The Lloyd George Policy

During the period following this, the victory of Lloyd George’s system over that of Churchill runs parallel with the growth of the emancipation movement among the Eastern peoples. Lloyd George’s tactics of approach to Soviet Russia were not only an endevour towards the peaceful penetration of capital into Russia, but were at the same time an attempt at compromise against the Eastern nations. In both respects the tactics suffered defeat. After Lloyd George’s victory over Churchill in England the antagonism between these two systems took the form of antagonism between English and French politics.

The English policy of peaceful penetration found its clearest expression in the resolutions of Cannes on a world consortium (with London as the capital city) for the purpose of reconstructing Russia. Under reconstruction we must naturally understand the transformation of Russia into a field for exploitation. The resolutions of Cannes on the consortium were only a clear symptom of that policy which was adopted towards us in the daily struggle, especially in Germany. The programme of Stinnes consisted in the creation of a common international capitalist front for the exploitation of Russia, and the utilization of Germany for rendering the requisite technical services to the international capitalist alliance.
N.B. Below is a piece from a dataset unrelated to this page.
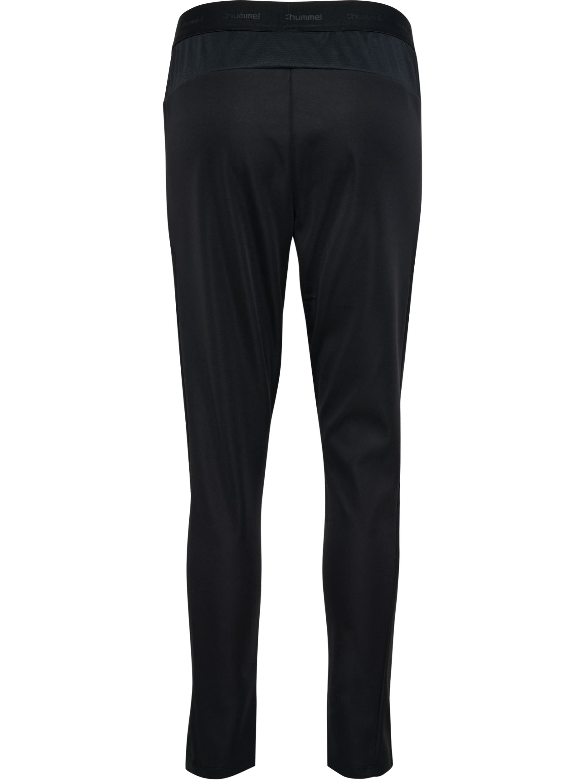 The hmlCIMA 2.0 PANTS WOMAN feature a secure zipper pocket for valuables, a drawstring waist for a snug fit, and a tapered design that narrows at the ankle. The elasticated waistband ensures comfort and easy wear. A hummel logo and hummel chevrons complete the design.

The Rapallo Treaty was the result of a continuous and complicated struggle of an independent economic co-operation of Russia and Germany outside the lines of the international capitalist front.
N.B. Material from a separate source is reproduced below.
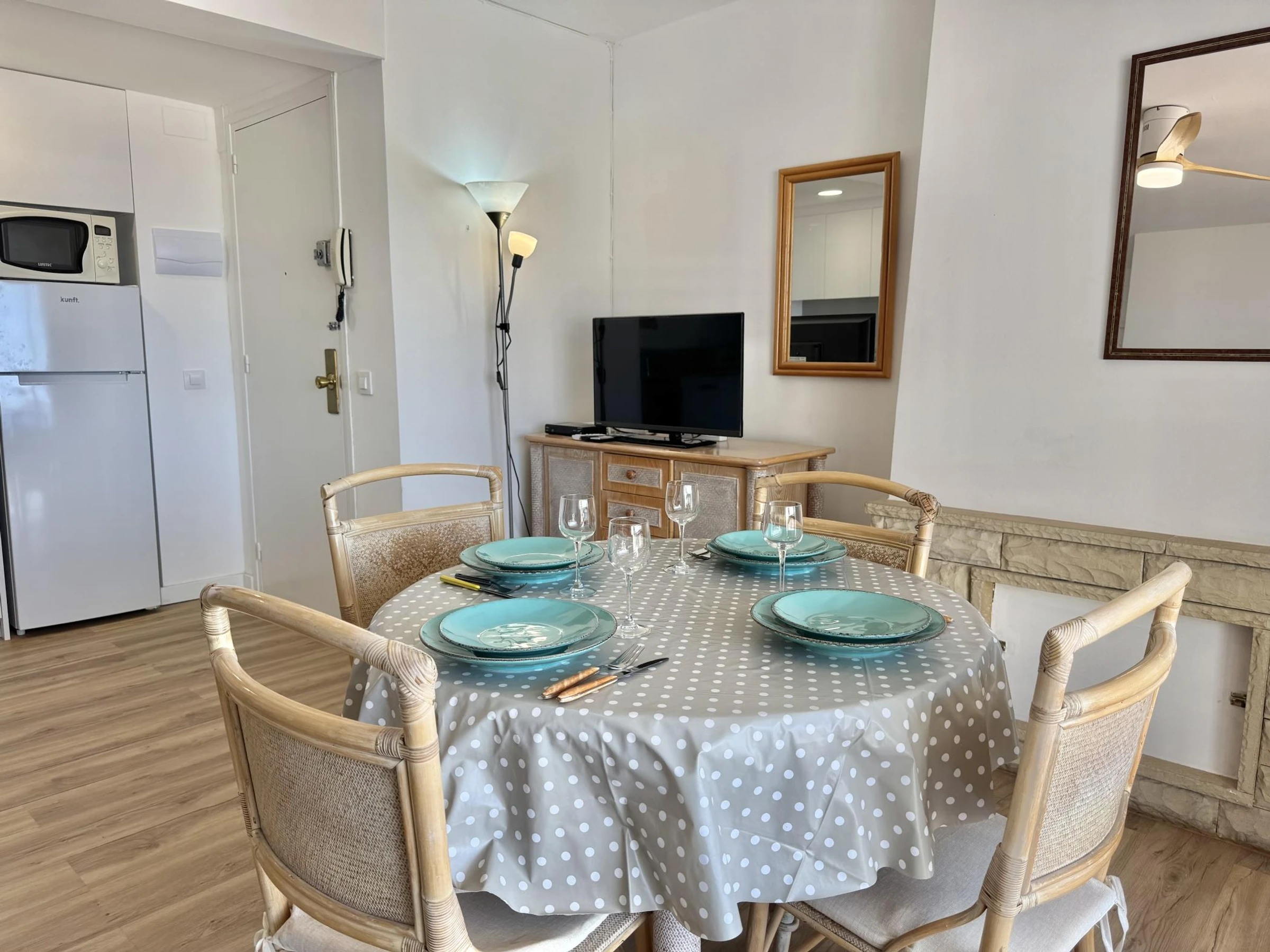 * Bright living-dining room with sofa, TV with TNT SAT (French channels), and Wifi.

In Genoa the programme of peaceful capitalist penetration reached its highest point.

Genoa—Russia a Power

The main question of the Genoa Conference was whether the independent economic development of Russia would be carried out with the aid of foreign capital but without capitulation, or whether foreign capital would succeed in subjugating Russia, The Russian delegation was assailed by the very finest arts of diplomatic coquetry. As Satan showed Jesus all the riches of the earth, which were to be his if he would deliver himself up to Satan—in the same way the most alluring prospects were opened out before us, if only we would acknowledge capital as our lord. We may fairly say that the fundamental question of Russian policy was expressed with the utmost clearness at Genoa: subjugation to capital, or independent development with the aid of capital. Expressed more exactly: an agreement but no yoke. For this reason the formal basis of the whole activity of the Russian Genoa delegation was formed by the Cannes resolution on the equal rights of the two opposed economic systems. The new workers’ and peasants’ state, originating between the highly developed countries of Western Europe and the oppressed countries of the East, was now firmly established, and presented itself at Genoa as an independent great world power. The new period of its life already begun may be designated as a period of “active politics.” Many interviews and conversations with political and economic personalities of many countries, which I had the opportunity of holding in Berlin, enabled me to convince myself personally as to a high degree in which Soviet Russia has already become an independent world power. At present time, now that the emancipation movement among the peoples of the East grows from day to day, now that the oppressed and exploited peoples of the West are also defending or regaining their means of existence in daily struggles, now that in the most highly developed ruling states the increased pacifist opposition, Soviet Russia, employing foreign capital as it does for purposes of its own independent economic development, but not subject to capital, has become one of the central factors of the complex world relations.

“Agreements—but no Yoke”

Soviet Russia is striving to secure its frontiers, its coasts and the passages to its coasts, its straits, its commerce so that its economic relations with all countries may be developed. But it is striving for something else as well: one of the most important factors in the play of world forces, Soviet Russia, as an independent political power, seeks friendship with all peoples and is at the same time ready to enter onto into compromises and separate agreements with any country. Agreements but no yoke, that is its watchword. World capital must stand on the threshold of Russia; within the country itself the working masses conduct their own economics and work out their own future.